* _What you have to do_: Omitting all images, give the entries that follow again exactly as they read.

* _Data section_:
==*==

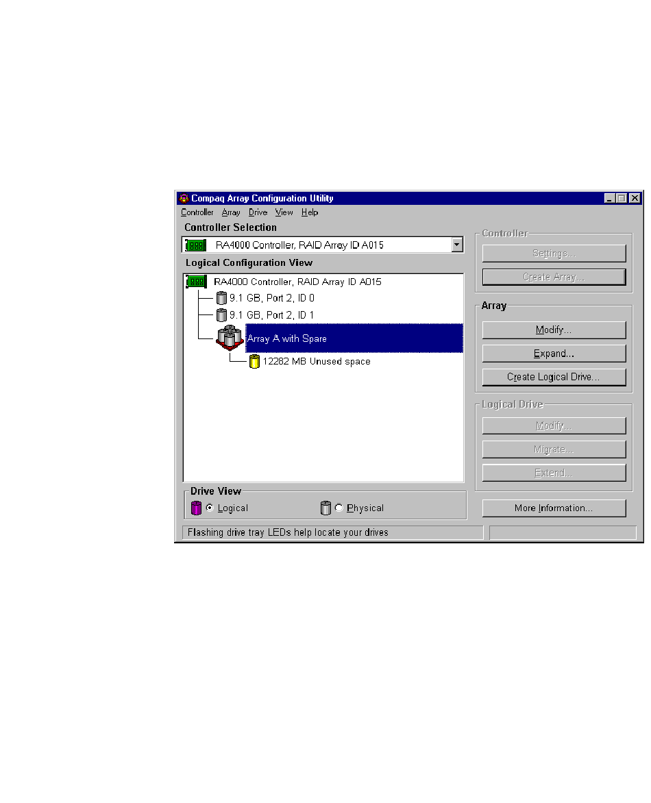 Compaq Array Configuration Utility zurückzukehren. Die Einträge im
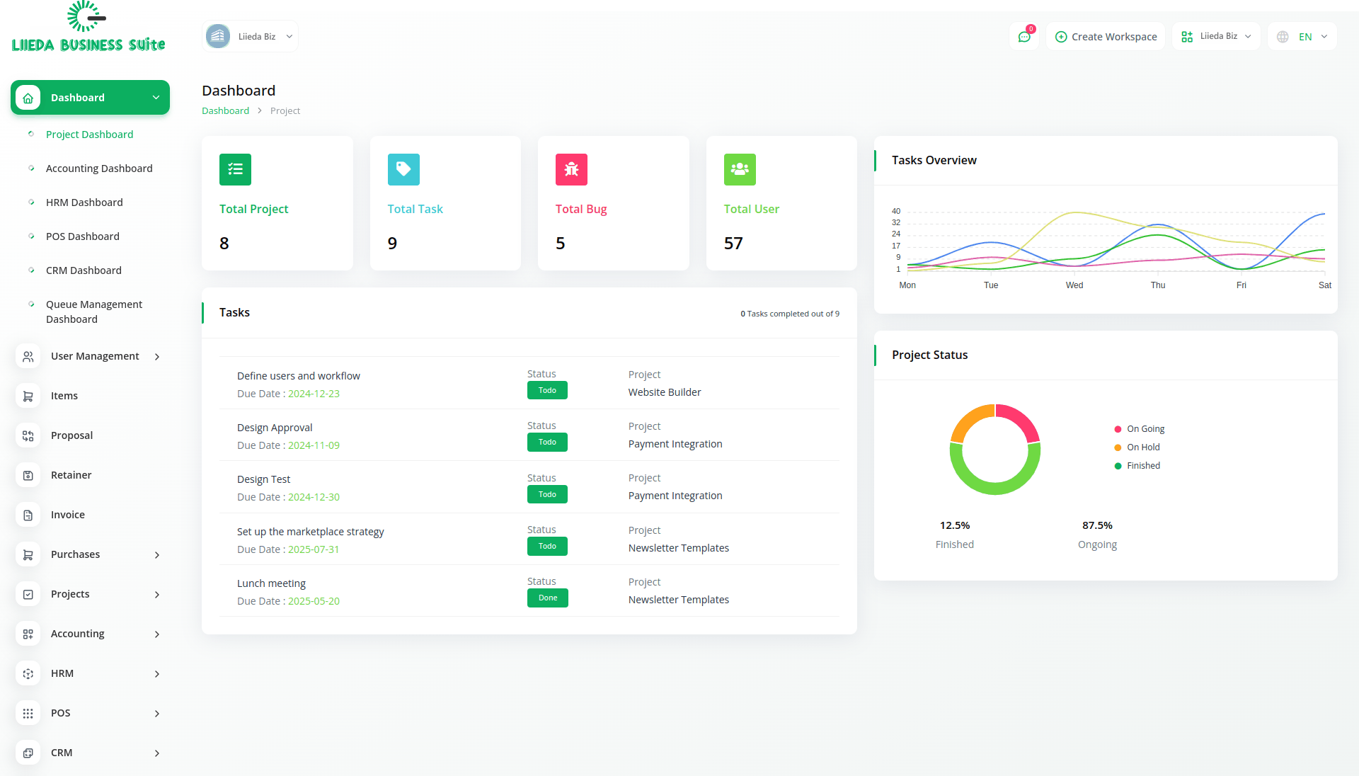 Get an overview of the total number of projects, tasks, bugs, and members. A visual representation of the task overview and project status can help you estimate the progress on each task. Lastly, you can check the top due task.
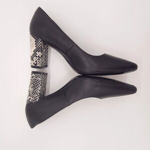 - Black & white snake print heel
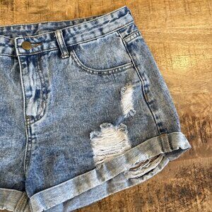Shein Women’s Cut Off Distressed Jean Hi-Rise Mom Shorts size Small 4 Cuffed
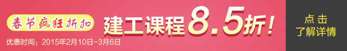 在春節(jié)期間,環(huán)球網(wǎng)校監(jiān)理工程師考試頻道,更是感恩回饋,監(jiān)理工程師考試一系列精品課程8.5折優(yōu)惠。包含,監(jiān)理工程師考試全科VIP套餐,監(jiān)理工程師考試全科精品VIP套餐,可選擇含教材,也可不含教材?;顒?dòng)時(shí)間:2015年2月10日-3月6日,到期恢復(fù)原價(jià)。

==*==

* _Written reply_:
 Compaq Array Configuration Utility zurückzukehren. Die Einträge im
 Get an overview of the total number of projects, tasks, bugs, and members. A visual representation of the task overview and project status can help you estimate the progress on each task. Lastly, you can check the top due task.
 - Black & white snake print heel
Shein Women’s Cut Off Distressed Jean Hi-Rise Mom Shorts size Small 4 Cuffed
 在春節(jié)期間,環(huán)球網(wǎng)校監(jiān)理工程師考試頻道,更是感恩回饋,監(jiān)理工程師考試一系列精品課程8.5折優(yōu)惠。包含,監(jiān)理工程師考試全科VIP套餐,監(jiān)理工程師考試全科精品VIP套餐,可選擇含教材,也可不含教材?;顒?dòng)時(shí)間:2015年2月10日-3月6日,到期恢復(fù)原價(jià)。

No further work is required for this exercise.